• _ENTRIES SHOWN_:
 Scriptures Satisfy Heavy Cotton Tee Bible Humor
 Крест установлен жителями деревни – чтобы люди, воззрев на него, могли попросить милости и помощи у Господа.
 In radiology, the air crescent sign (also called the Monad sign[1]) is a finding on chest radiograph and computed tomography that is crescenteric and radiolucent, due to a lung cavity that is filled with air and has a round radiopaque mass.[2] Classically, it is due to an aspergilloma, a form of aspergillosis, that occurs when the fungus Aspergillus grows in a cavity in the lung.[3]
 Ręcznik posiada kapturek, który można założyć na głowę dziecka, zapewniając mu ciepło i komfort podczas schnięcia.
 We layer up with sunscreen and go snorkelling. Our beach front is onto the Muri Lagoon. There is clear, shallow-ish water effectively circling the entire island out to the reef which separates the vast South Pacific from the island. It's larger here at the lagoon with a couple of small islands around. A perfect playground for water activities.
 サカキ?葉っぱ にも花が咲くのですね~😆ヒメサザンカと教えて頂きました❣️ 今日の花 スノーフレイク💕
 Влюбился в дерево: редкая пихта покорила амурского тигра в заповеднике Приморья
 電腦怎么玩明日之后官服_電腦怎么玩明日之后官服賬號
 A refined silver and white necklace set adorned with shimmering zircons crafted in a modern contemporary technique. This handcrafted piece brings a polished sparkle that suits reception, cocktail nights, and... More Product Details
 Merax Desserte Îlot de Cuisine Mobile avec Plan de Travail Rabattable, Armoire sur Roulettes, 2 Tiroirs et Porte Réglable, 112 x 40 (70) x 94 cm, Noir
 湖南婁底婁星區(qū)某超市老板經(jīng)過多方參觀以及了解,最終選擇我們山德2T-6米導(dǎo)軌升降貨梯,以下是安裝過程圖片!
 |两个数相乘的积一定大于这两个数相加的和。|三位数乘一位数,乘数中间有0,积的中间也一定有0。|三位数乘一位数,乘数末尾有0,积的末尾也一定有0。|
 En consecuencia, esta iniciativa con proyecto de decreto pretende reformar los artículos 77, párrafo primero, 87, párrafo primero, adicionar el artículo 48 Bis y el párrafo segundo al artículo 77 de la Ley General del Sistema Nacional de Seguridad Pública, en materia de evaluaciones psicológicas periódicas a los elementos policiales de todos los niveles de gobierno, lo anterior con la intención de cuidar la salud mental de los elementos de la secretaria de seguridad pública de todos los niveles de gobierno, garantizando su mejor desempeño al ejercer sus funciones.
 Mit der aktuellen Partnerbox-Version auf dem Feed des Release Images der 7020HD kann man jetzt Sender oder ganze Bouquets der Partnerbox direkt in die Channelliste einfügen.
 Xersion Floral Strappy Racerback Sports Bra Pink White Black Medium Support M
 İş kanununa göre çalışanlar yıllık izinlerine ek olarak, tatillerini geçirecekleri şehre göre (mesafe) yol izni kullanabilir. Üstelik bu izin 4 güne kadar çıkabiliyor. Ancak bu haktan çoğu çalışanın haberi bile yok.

• _THE TASK_: Would you write out each entry precisely as it is given?

• _RESPONSE BOX_:
 Scriptures Satisfy Heavy Cotton Tee Bible Humor
 Крест установлен жителями деревни – чтобы люди, воззрев на него, могли попросить милости и помощи у Господа.
 In radiology, the air crescent sign (also called the Monad sign[1]) is a finding on chest radiograph and computed tomography that is crescenteric and radiolucent, due to a lung cavity that is filled with air and has a round radiopaque mass.[2] Classically, it is due to an aspergilloma, a form of aspergillosis, that occurs when the fungus Aspergillus grows in a cavity in the lung.[3]
 Ręcznik posiada kapturek, który można założyć na głowę dziecka, zapewniając mu ciepło i komfort podczas schnięcia.
 We layer up with sunscreen and go snorkelling. Our beach front is onto the Muri Lagoon. There is clear, shallow-ish water effectively circling the entire island out to the reef which separates the vast South Pacific from the island. It's larger here at the lagoon with a couple of small islands around. A perfect playground for water activities.
 サカキ?葉っぱ にも花が咲くのですね~😆ヒメサザンカと教えて頂きました❣️ 今日の花 スノーフレイク💕
 Влюбился в дерево: редкая пихта покорила амурского тигра в заповеднике Приморья
 電腦怎么玩明日之后官服_電腦怎么玩明日之后官服賬號
 A refined silver and white necklace set adorned with shimmering zircons crafted in a modern contemporary technique. This handcrafted piece brings a polished sparkle that suits reception, cocktail nights, and... More Product Details
 Merax Desserte Îlot de Cuisine Mobile avec Plan de Travail Rabattable, Armoire sur Roulettes, 2 Tiroirs et Porte Réglable, 112 x 40 (70) x 94 cm, Noir
 湖南婁底婁星區(qū)某超市老板經(jīng)過多方參觀以及了解,最終選擇我們山德2T-6米導(dǎo)軌升降貨梯,以下是安裝過程圖片!
 |两个数相乘的积一定大于这两个数相加的和。|三位数乘一位数,乘数中间有0,积的中间也一定有0。|三位数乘一位数,乘数末尾有0,积的末尾也一定有0。|
 En consecuencia, esta iniciativa con proyecto de decreto pretende reformar los artículos 77, párrafo primero, 87, párrafo primero, adicionar el artículo 48 Bis y el párrafo segundo al artículo 77 de la Ley General del Sistema Nacional de Seguridad Pública, en materia de evaluaciones psicológicas periódicas a los elementos policiales de todos los niveles de gobierno, lo anterior con la intención de cuidar la salud mental de los elementos de la secretaria de seguridad pública de todos los niveles de gobierno, garantizando su mejor desempeño al ejercer sus funciones.
 Mit der aktuellen Partnerbox-Version auf dem Feed des Release Images der 7020HD kann man jetzt Sender oder ganze Bouquets der Partnerbox direkt in die Channelliste einfügen.
 Xersion Floral Strappy Racerback Sports Bra Pink White Black Medium Support M
 İş kanununa göre çalışanlar yıllık izinlerine ek olarak, tatillerini geçirecekleri şehre göre (mesafe) yol izni kullanabilir. Üstelik bu izin 4 güne kadar çıkabiliyor. Ancak bu haktan çoğu çalışanın haberi bile yok.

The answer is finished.